Data was extracted regarding hemolytic anemia-related deaths from 1999 to 2020 by bridged race categories and from 2021–2022 by single race categories. Data was further classified based on the following groups: gender, race/ethnicity, age, urban-rural classification, and region. Notably, when classified by state, several states had limited data, therefore, this was excluded from analysis. We assessed mortality by gender (male or female) and race (including non-Hispanic (NH) White, NH Black, NH Asian/Pacific Islander, and Hispanic). American Indian or Alaska Native was excluded from analysis due to unreliable data. We assessed mortality by urban-rural classification and region, with urban defined as population ≥1 million and rural defined as population <50,000 based on the 2013 US census classification (10). Regions, defined by the US Census Bureau (11), included Northeast, Midwest, South, and West. Mortality was assessed by age (5-14, 15-24, 25-34, 35-44, 45-54, 55-64, 65-74, 75-84, and 85+). Ages < 1 and 1–4 were excluded due to unreliable data. Of note, the CDC WONDER database only includes data for urban-rural designation through the year 2020, as opposed to 2022 for all other data points.
2.2 Statistical analysis
Crude and age-adjusted mortality rates for hemolytic anemia were calculated. Age-adjusted mortality rates (AAMRs) were standardized to the 2000 United States population. The Joinpoint Regression Program was used to determine trends in mortality from 1999-2022 (12). Joinpoint regression uses the Monte Carlo permutation method to generate linear segments linking two data points, allowing for calculation of annual percent change (APC) and average annual percent change (AAPC) over the study period. APC and AAPCs that were considered statistically different from zero, as defined by a two-tailed t test, had either increasing or decreasing slopes describing the change in mortality over the time interval. Statistical significance was set at p ≤0.05. Asterisks were used to denote significance.
3 Results
3.1 Overall
From 1999 to 2022, there were 46,924 deaths due to hemolytic anemia in the United States.
During the study period, overall age-adjusted mortality rates (AAMR) decreased from 0.78 (95% CI 0.74-0.81) in 1999 to 0.59 (95% CI 0.58-0.62) in 2016 before increasing to 0.68 (95% CI 0.66-0.71) in 2022 with an overall average annual percent change (AAPC) of -0.56 (95% CI -0.92 to -0.17)* from 1999-2022 (Table 1, Figure 1). The annual percent change (APC) in AAMR was -3.32 (95% CI -8.52 to -1.70)* from 1999-2006, which then decelerated to -0.6 (95% CI -1.5 to 1)* from 2006–2016 before increasing to 2.78 (95% CI 1.48-6.13)* from 2016-2022 (Figure 2). The largest overall increase in mortality rates occurred between the years of 2019 and 2020 in which the AAMR increased from 0.63 (95% CI 0.61-0.66) to 0.69 (95% CI 0.66-0.71) respectively.

Table 1. Hemolytic anemia age-adjusted mortality rate per 100,000 people overall and stratified by gender, 1999-2022.

Figure 1. Hemolytic anemia age-adjusted mortality rate per 100,000 people overall and stratified by gender, 1999-2022.

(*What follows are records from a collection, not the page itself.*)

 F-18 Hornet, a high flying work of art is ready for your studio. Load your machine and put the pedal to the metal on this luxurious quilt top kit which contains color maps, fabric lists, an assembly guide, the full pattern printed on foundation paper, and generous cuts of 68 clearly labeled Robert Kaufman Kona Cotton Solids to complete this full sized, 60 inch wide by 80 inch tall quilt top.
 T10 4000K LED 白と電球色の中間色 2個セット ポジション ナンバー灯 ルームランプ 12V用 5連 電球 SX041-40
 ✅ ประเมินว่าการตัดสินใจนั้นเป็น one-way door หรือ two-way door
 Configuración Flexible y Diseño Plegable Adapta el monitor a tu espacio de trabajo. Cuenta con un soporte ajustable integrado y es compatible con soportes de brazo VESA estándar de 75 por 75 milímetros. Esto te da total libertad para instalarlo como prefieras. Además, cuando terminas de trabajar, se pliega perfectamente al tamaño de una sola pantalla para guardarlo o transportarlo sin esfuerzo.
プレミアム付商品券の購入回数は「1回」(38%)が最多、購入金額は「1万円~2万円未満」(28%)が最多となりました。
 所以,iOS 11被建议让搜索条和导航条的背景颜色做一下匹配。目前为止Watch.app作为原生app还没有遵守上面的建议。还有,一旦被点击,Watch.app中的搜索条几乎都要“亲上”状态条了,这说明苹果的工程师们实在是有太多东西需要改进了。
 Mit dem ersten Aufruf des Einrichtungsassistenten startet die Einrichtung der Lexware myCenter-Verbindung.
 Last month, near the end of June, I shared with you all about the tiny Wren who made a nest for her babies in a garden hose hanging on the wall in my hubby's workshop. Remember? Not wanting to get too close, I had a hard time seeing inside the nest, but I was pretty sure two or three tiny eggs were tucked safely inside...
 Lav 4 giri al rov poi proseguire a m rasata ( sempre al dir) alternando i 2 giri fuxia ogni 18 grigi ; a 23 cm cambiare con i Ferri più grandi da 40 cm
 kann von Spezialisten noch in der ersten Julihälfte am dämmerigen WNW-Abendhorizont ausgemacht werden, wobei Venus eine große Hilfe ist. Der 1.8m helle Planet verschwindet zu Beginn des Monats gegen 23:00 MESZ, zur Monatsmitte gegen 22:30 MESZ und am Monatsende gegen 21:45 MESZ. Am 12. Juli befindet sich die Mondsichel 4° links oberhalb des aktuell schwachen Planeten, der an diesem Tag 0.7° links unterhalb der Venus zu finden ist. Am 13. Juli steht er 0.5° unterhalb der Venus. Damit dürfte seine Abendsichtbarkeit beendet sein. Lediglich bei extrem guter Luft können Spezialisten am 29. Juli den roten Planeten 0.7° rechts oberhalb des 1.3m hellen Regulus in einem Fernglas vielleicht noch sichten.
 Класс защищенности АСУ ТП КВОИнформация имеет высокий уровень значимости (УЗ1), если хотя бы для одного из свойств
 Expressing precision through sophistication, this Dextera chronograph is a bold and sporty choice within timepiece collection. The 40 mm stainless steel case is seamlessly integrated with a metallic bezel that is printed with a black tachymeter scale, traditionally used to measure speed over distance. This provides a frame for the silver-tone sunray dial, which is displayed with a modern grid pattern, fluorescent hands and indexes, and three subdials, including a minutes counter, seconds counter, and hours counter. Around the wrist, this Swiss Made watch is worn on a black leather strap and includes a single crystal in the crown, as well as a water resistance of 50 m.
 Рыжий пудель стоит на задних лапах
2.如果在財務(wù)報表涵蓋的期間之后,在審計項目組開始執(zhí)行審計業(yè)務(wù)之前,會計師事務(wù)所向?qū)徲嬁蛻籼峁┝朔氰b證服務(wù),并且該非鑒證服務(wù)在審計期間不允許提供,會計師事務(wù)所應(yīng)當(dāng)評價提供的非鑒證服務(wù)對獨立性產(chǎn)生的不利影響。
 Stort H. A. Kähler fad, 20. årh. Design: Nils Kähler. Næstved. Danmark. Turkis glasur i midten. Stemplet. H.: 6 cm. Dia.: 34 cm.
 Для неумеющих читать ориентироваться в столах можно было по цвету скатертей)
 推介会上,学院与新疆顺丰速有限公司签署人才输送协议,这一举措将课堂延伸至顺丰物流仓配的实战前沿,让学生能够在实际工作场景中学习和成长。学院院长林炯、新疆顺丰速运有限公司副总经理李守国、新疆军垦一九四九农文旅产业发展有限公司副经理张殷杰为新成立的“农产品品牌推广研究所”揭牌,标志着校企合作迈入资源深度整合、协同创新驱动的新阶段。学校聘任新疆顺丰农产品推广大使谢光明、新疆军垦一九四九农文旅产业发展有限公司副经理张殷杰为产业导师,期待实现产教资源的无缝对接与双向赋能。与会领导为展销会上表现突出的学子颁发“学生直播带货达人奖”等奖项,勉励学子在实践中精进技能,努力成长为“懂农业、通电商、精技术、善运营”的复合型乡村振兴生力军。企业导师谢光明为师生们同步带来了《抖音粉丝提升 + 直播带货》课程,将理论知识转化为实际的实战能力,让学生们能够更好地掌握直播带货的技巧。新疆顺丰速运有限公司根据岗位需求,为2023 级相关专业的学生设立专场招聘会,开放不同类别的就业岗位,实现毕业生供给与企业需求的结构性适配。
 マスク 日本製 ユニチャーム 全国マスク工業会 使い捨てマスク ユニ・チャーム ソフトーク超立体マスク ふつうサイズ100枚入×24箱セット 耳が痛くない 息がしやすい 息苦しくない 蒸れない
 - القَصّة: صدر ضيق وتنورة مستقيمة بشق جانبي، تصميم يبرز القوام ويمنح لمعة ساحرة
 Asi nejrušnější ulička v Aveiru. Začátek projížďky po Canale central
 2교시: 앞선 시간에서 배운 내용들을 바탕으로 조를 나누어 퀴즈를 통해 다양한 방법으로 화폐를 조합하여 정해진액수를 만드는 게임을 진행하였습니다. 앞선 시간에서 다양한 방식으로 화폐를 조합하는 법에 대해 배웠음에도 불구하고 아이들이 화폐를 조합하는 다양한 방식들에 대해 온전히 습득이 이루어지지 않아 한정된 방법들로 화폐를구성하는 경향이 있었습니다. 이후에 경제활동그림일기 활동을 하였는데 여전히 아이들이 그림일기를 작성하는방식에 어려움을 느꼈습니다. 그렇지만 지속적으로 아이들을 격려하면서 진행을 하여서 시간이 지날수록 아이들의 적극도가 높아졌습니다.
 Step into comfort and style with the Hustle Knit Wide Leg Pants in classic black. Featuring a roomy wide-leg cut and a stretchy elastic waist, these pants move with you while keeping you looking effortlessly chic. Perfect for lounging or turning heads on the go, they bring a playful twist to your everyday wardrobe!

Figure 2. Joinpoint model of hemolytic anemia-related AAMR per 100,000 people overall and stratified by gender, 1999-2022 (*indicates the APC is statistically significant).
3.2 Demographic differences
3.2.1 Gender stratified
From 1999 to 2022, hemolytic anemia caused 22,107 (47%) deaths in males and 24,817 (53%) deaths in females in the United States.
The AAMR in males decreased from 0.84 (95% CI 0.79-0.90) in 1999 to 0.71 (95% CI 0.67-0.75) in 2022 with an AAPC of -0.32 (95% CI -0.71 to 0.08) (Table 1, Figure 1). The APC in AAMR was -1.85 (95% CI -2.64 to -1.22)* from 1999-2015, which then increased to 3.25 (95% CI 1.58-7.48)* from 2015-2022 (Figure 2).
The AAMR in females decreased from 0.73 (95% CI 0.68-0.77) in 1999 to 0.67 (95% CI 0.63-0.71) in 2022 with an AAPC of -0.40 (95% CI -0.78 to -0.05)* (Table 1, Figure 1). The APC in AAMR was -2.99 (95% CI -6.66 to -1.67)* from 1999 to 2007, which then decelerated to -0.30 (95% CI -2.26 to 1.49) from 2007 to 2017 before increasing to 3.70 (95% CI 1.21-9.31)* from 2017 to 2022 (Figure 2).
3.2.2 Race stratified
Black or African American people had the highest AAMR with 2.89 (95% CI 2.70-3.09) in 1999 and 2.85 (95% CI 2.69-3.02) in 2022 with an AAPC of 0.31 (95% CI -0.13 to 0.73) (Table 2, Figure 3). The APC was -0.90 (95% CI -1.99 to -0.32)* from 1999-2015, which increased to 3.14 (95% CI 1.41-7.99)* from 2015-2022 (Figure 4).

Table 2. Hemolytic anemia age-adjusted mortality rate per 100,000 people stratified by race, 1999-2022.

Figure 3. Hemolytic anemia age-adjusted mortality rate per 100,000 people stratified by race, 1999-2022.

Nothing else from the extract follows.